Task statement -> Below are the records; copy exactly the lines from the first through the one containing "Mengemban konsep sustainable", both included, and leave out the pictures.
(Working data begins)
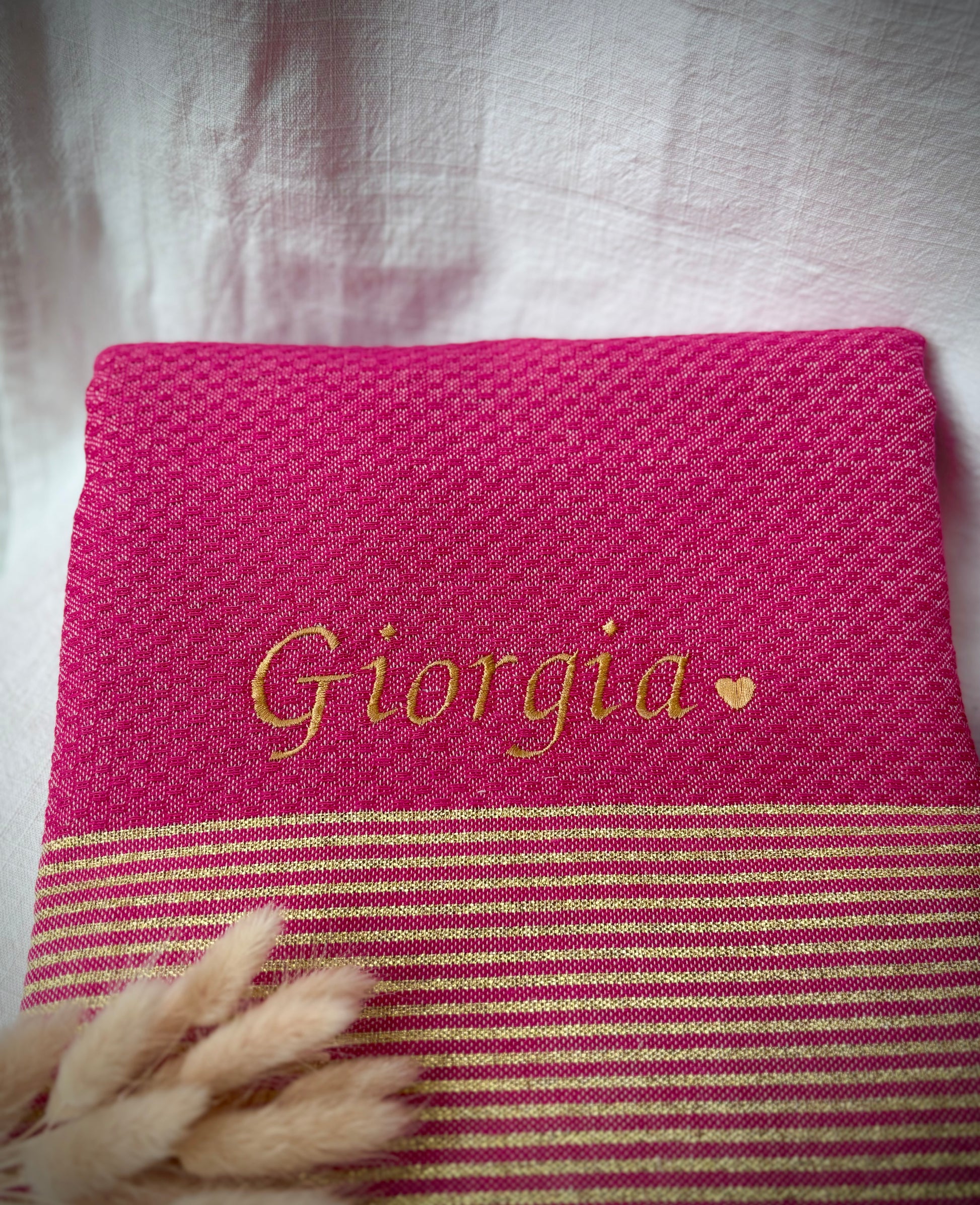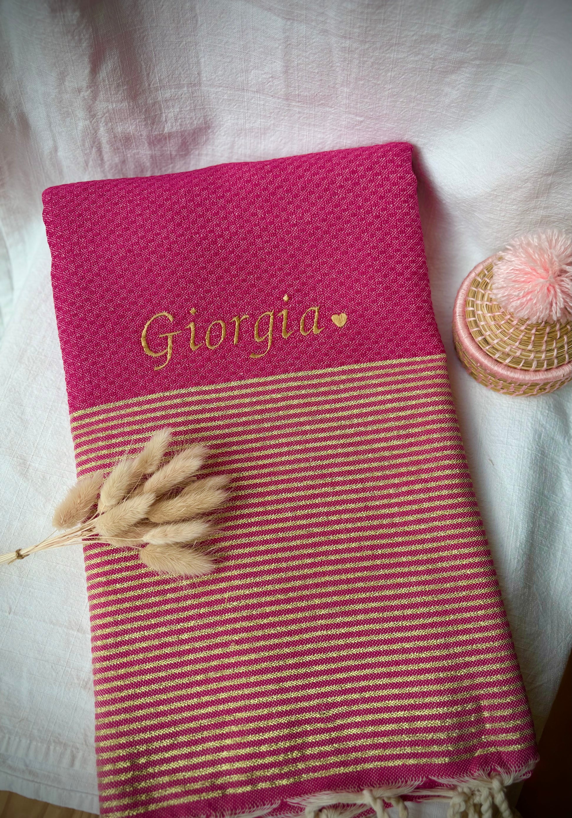 Telo mare fouta fuxia con righe oro personalizzato con nome, realizzabile con qualsiasi nome o iniziale.
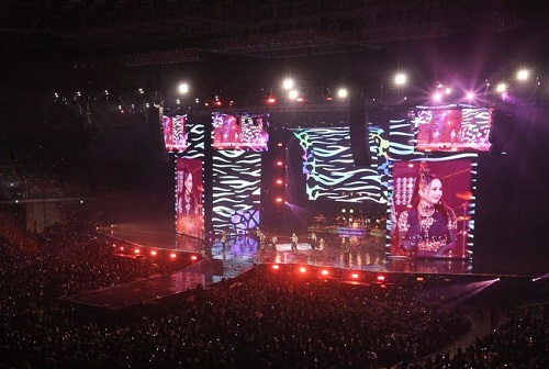 コンサート会場に入場すると、デビュー2年目の新人グループLE SSERAFIM(ルセラフィム)と31年目の貫禄の歌手オム・ジョンファがひとつの舞台に上がる珍しい風景が繰り広げられる。
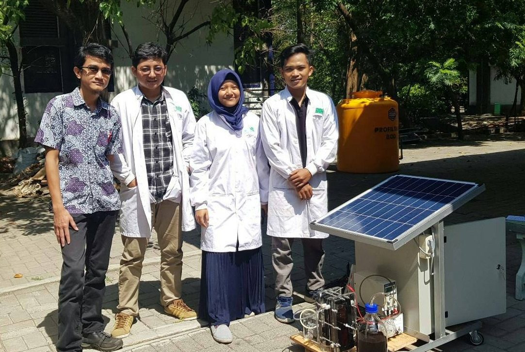 Mengemban konsep sustainable green technology, tim bimbingan Arseto Yekti Bagastyo ST MT Phd ini menggunakan reaktor sel surya (photovoltaic) sebagai pemasok listrik untuk alatnya. “Energi yang didapatkan dari sinar matahari diubah menjadi listrik, kemudian disimpan dalam baterai sebagai sumber energi untuk proses elektrokimia,” tuturnya.
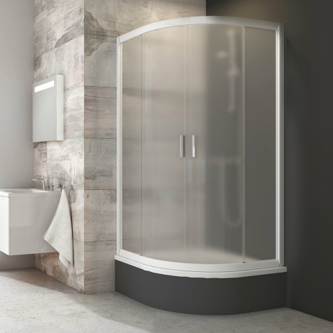 Zuhanysarok tálca nélkül fehér színben, a felület átlátszatlan üvegből készült Grape dekorral. A RAVAK AntiCalc® technológiának köszönhetően az üveg víztaszító tulajdonságokkal rendelkezik, ami azt jelenti, hogy az üveg felülete víztaszítóvá válik. Tolóajtó rendszer. Bal és jobb oldali tájolás is.
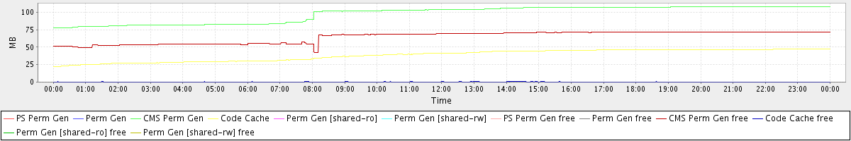 avg(PS Perm Gen) = 0.00 avg(Perm Gen) = 0.00 avg(CMS Perm Gen) = 97.70 avg(Code Cache) = 38.56 avg(Perm Gen [shared-ro]) = 0.00 avg(Perm Gen [shared-rw]) = 0.00 avg(PS Perm Gen free) = 0.00 avg(Perm Gen free) = 0.00 avg(CMS Perm Gen free) = 64.56 avg(Code Cache free) = 0.35 avg(Perm Gen [shared-ro] free) = 0.00 avg(Perm Gen [shared-rw] free) = 0.00
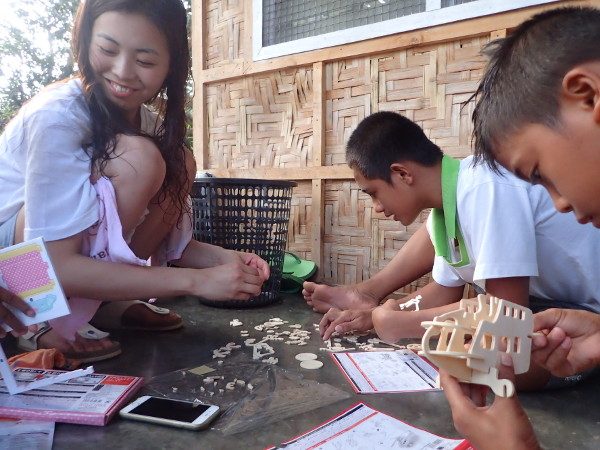 HOJに戻ってきて、午後はハルナさんが持ってきてくれた工作キットにみんな夢中です。
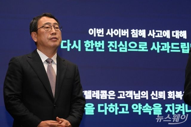 유영상 SK텔레콤 대표이사가 지난달 서울 중구 SK텔레콤 본사에서 열린 사이버 침해 사고 관련 기자회견에서 자사 입장 및 향후 계획 등의 발표를 마친 뒤 취재진의 질문을 경청하고 있다. 사진=강민석 기자 kms@newsway.co.kr
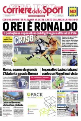 Nella sua prima pagina l'edizione odierna del "Corriere dello Sport" celebra Cristiano Ronaldo. Il fuoriclasse portoghese ha realizzato due reti...
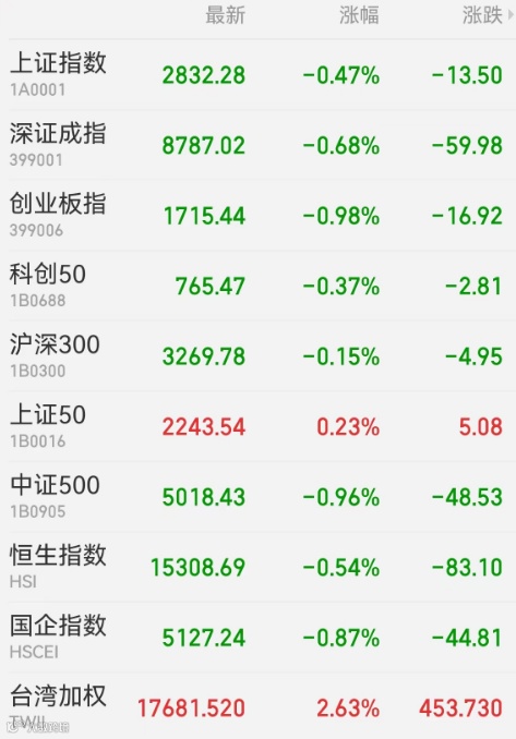 1、A股:A股缩量回调,新能源赛道走弱,旅游、传媒及游戏板块活跃。截至收盘,上证指数下跌0.47%报2832.28点,周跌1.72%;深证成指跌0.68%,周跌2.33%;创业板指跌0.98%,周跌2.60%;北证50涨2.53%,周涨3.96%;科创50跌0.37%,周跌1.66%;上证50涨0.23%,周涨0.28%;深证50跌0.28%,周跌0.81%;万得全A跌0.71%,周跌2.65%;万得双创跌1.35%,周跌4.25%;万得微盘股指数跌1.58%,周跌6.37%。A股成交额萎缩至6805.4亿元,北向资金净卖出52.09亿元,隆基绿能遭净卖出3.75亿元最多,贵州茅台获净买入7.76亿元居首。
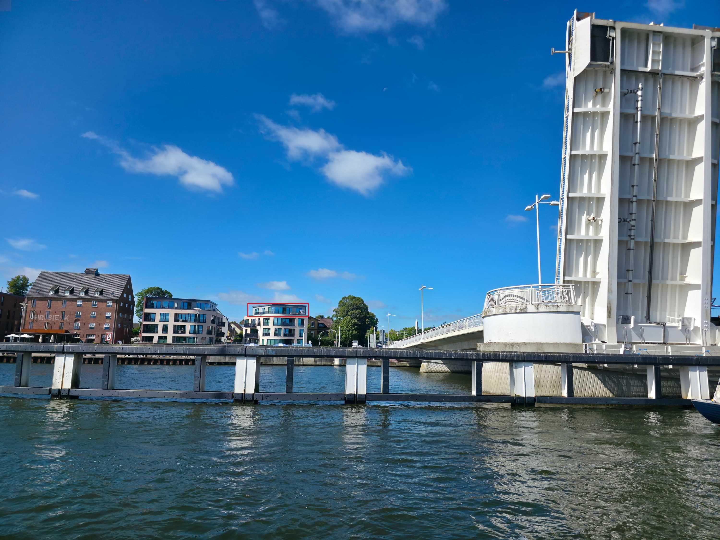 Super Objekt in top Lage direkt an der Schlei, von der großen Dachterrasse hat man einen direkten Blick auf die Klappbrücke und den Hafen.
(Working data ends)
Written answer ->
 Telo mare fouta fuxia con righe oro personalizzato con nome, realizzabile con qualsiasi nome o iniziale.
 コンサート会場に入場すると、デビュー2年目の新人グループLE SSERAFIM(ルセラフィム)と31年目の貫禄の歌手オム・ジョンファがひとつの舞台に上がる珍しい風景が繰り広げられる。
 Mengemban konsep sustainable green technology, tim bimbingan Arseto Yekti Bagastyo ST MT Phd ini menggunakan reaktor sel surya (photovoltaic) sebagai pemasok listrik untuk alatnya. “Energi yang didapatkan dari sinar matahari diubah menjadi listrik, kemudian disimpan dalam baterai sebagai sumber energi untuk proses elektrokimia,” tuturnya.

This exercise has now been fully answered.